## [WHAT THE TASK ASKS]
Repeat the data word for word. Do not include the pictures.

## [EXTRACTED RECORDS]
Segment Open

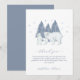 Cute adorable modern elegant winter woodland animal baby shower theme, Holiday baby shower theme, design feature pastel blue watercolor whimsical winter polar bear in the pine forest tree, snowflake and script calligraphy typography "Baby it's cold outside" you can customize your own unique text and color.
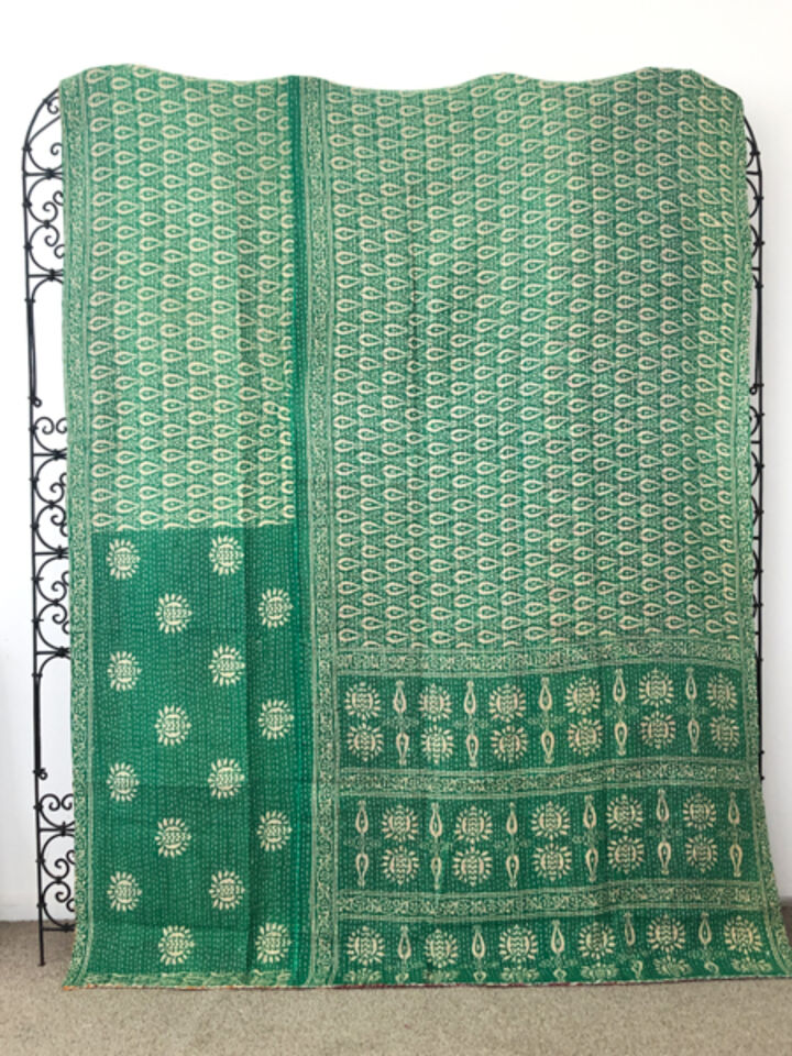 These vintage kantha quilts are a thin, double sided cotton quilt hand crafted in Rajasthan. They are made from old saris, scraps of left over textiles and each one is unique. Most of them will have small patches sewn over to patch small holes. They commonly have some loose or uneven stitching and old stains on the fabric. This is all part of the beauty of a handcrafted vintage kantha. Very awesome quilts!!
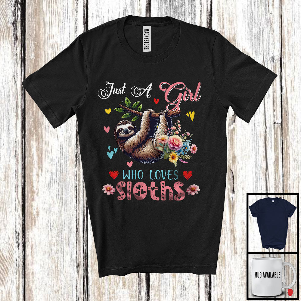 Just A Girl Who Loves Sloths; Adorable Flowers Floral Flowers; Matching Animal Lover T-Shirt. This cotton t-shirt is a durable staple product with a classic fit. One of the most popular items, it has a relaxed style made for everyday and casual wear.
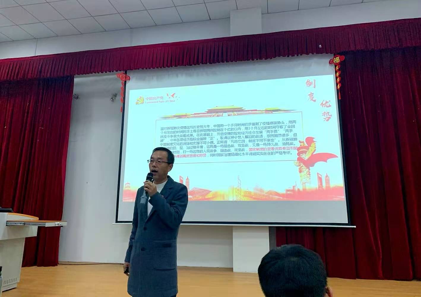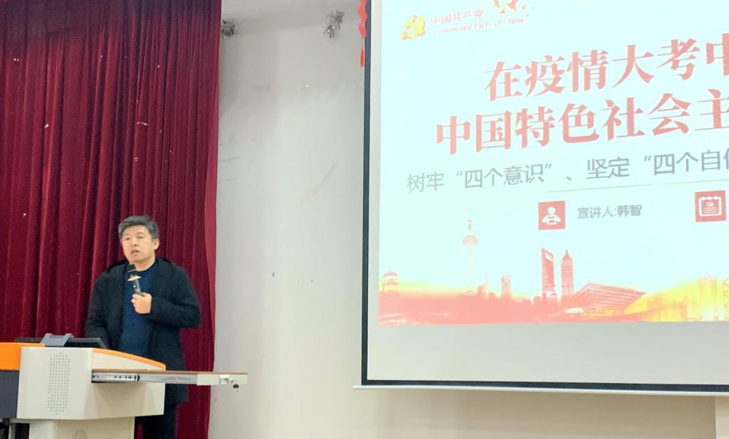 为弘扬爱国主义精神,加强党员教育,提高党员党性修养,11月9日晚上6点,beat365在线唯一官网在能源楼二楼报告厅开展“在疫情大考中彰显中国特色社会主义制度优势”主题党课。本次党课主讲人为学院党委书记韩智,学院全体学生党员、学生预备党员以及入党积极分子参与学习,会议由党委组织员、学院学生党支部书记姜海鹏主持。
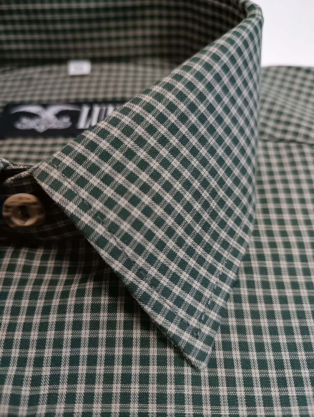 Košile se výborně hodí do saka a díky elegantnímu vzhledu je vhodná pro každou příležitost. Drobounké zelené káro neruší na pohled, ale dodává košili i lehce sportovně-elegantního vzhledu.

Segment Closed

## [ANSWER BELOW]
 Cute adorable modern elegant winter woodland animal baby shower theme, Holiday baby shower theme, design feature pastel blue watercolor whimsical winter polar bear in the pine forest tree, snowflake and script calligraphy typography "Baby it's cold outside" you can customize your own unique text and color.
 These vintage kantha quilts are a thin, double sided cotton quilt hand crafted in Rajasthan. They are made from old saris, scraps of left over textiles and each one is unique. Most of them will have small patches sewn over to patch small holes. They commonly have some loose or uneven stitching and old stains on the fabric. This is all part of the beauty of a handcrafted vintage kantha. Very awesome quilts!!
 Just A Girl Who Loves Sloths; Adorable Flowers Floral Flowers; Matching Animal Lover T-Shirt. This cotton t-shirt is a durable staple product with a classic fit. One of the most popular items, it has a relaxed style made for everyday and casual wear.
 为弘扬爱国主义精神,加强党员教育,提高党员党性修养,11月9日晚上6点,beat365在线唯一官网在能源楼二楼报告厅开展“在疫情大考中彰显中国特色社会主义制度优势”主题党课。本次党课主讲人为学院党委书记韩智,学院全体学生党员、学生预备党员以及入党积极分子参与学习,会议由党委组织员、学院学生党支部书记姜海鹏主持。
 Košile se výborně hodí do saka a díky elegantnímu vzhledu je vhodná pro každou příležitost. Drobounké zelené káro neruší na pohled, ale dodává košili i lehce sportovně-elegantního vzhledu.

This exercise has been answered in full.